Il nostro è stato, molto più modestamente, un lavoro di "unificazione" di quanto era già in" nuce", suffragato da prove sperimentali (da potenziare ulteriormente).
Ovviamente, il fatto di aver lavorato per circa 24 anni, senza pregiudizi e con estrema onestà intellettuale, nel campo "storico" della "Fusione Fredda", ci ha agevolato in tale complesso compito.
Il 23 settembre 2013, in S.P.Q.F.F dopo avere citato vari endorsement e brevetti sulla fusione fredda scrivevo:
Tutto questo per citare solo grandi enti/aziende scesi in campo nella "corsa all'oro" della fusione fredda, perché naturalmente sono in lizza anche i vari brevetti di Rossi, Piantelli, Celani, Ahern, quello finlandese della Etiam e tanti altri che navigano sotto il pelo dell'acqua.
Infine il 14 ottobre 2014, concludevo così la mia presentazione all'articolo Strategic Impacts of Breakthrough Energy Technologies di Daniele Poponi:
Detto in parole mie, la partita resta aperta non - come vorrebbero fare credere i patoscettici - sull'opzione che le LENR esistano o meno, ma solo su questa domanda: è giunta l'ora del possibile utilizzo delle LENR (dagli usi militari fino alla commercializzazione diffusa) per ottenere energia a bassissimo costo? 
È da gennaio 2011 che bramiamo una risposta.

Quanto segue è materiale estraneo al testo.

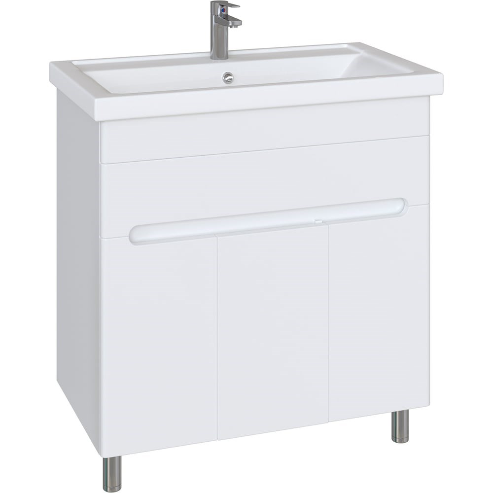 Внимание! Тумба поставляется в разобранном виде, требуется сборка. Комплект упакован в пятислойный гофрокартон, дополнительно защищен деревянной обрешёткой. Тумба напольная SanStar Модена 80 с раковиной Фостер 80 (комплект) для ванной комнаты белая производится на российском заводе, оснащенном высокотехнологичным европейским оборудованием под брендом SanStar. Отличительной особенностью является оптимальное соотношение качества и цены. А линейка мебели Модена внесет в Вашу ванную комнату неповторимый дизайн и обновление. Дополнительно к тумбе возможно приобрести полный комплект мебели Модена(зеркало, зеркальный шкаф, шкаф-пенал). Основные характеристики товара: Ширина 81,2 см, Высота 75 см, Высота с ножками 85 см, Глубина 45,5 см, Толщина материала 1,6 см, Вес 49 кг. Цвет мебели белый. Для изготовления корпуса используется влагостойкий ЛДСП - покрытие матовое, фасад изготавливается из МДФ. Для покрытия фасада изделия используется высококачественная глянцевая пленка увеличенной толщины. Фурнитура - хром. 1 выдвижной ящик с шариковыми направляющими без доводчиков Количество полок, выполненных из ЛДСП, без учета корпуса мебели - 1 съемная. Три дверцы с доводчиками Boyard, две из которых открывается вправо, а третья влево. В комплект входит 4 ножки - 2 передние хром, 2 задние пластик. Гарантия 3 года. В набор входит раковина. Материал - фарфор. Фостер 80. Размеры изделия могут отличаться +/-1 см в связи со спецификой производства. Пожалуйста, учитывайте это при подборе.

Tanti altri se lo chiedono sin dal 1989!
Rossi, Celani, Piantelli, Mills, Hagelstein, McKubre, Ahern ecc. (e aggiungo pure Darden e Olofsson): accelerate il passo per favore, l'umanità aspetta! :-)
A questo punto ho un regalo per chi ha avuto la pazienza di leggermi fin qui, una indiscrazione che ho raccolto sin dal 2011 - da una fonte appartenente al mondo della ricerca LERN - e che ho tenuto per me (e pochissimi amici) fino a questo momento.

Secondo il mio informatore, prima di tornare in Italia e cercare Focardi, Andrea Rossi aveva lavorato per un certo periodo proprio insieme a Brian Ahern nel medesimo laboratorio USA. Aggiungo (ma questa è solo una mia supposizione) di sospettare che potesse trattarsi di un laboratorio militare/governativo. 
Come sappiamo Rossi presentò a Focardi qualcosa di così strabiliante da convincerlo a mollare definitivamente Piantelli e imbarcarsi in una nuova strada con un personaggio discusso quale Rossi già allora era. 
Lo stesso Ahern deve avere avuto una parziale idea del know how portato da Rossi in Italia e, dopo anni di tentativi, sembrerebbe essersi molto avvicinato al traguardo se lo stesso Rossi ora lo considera il suo principale competitor.

Per correttezza vi informo che a suo tempo chiesi a Rossi se fosse vero che negli USA avesse lavorato fianco a fianco con Brian Aher nella ricerca sulla fusione fredda: beh, me lo smentì categoricamente definendola una sciocchezza. Ma chissà... 
Arriverà a questo punto una analoga smentita da parte di Brian Ahern?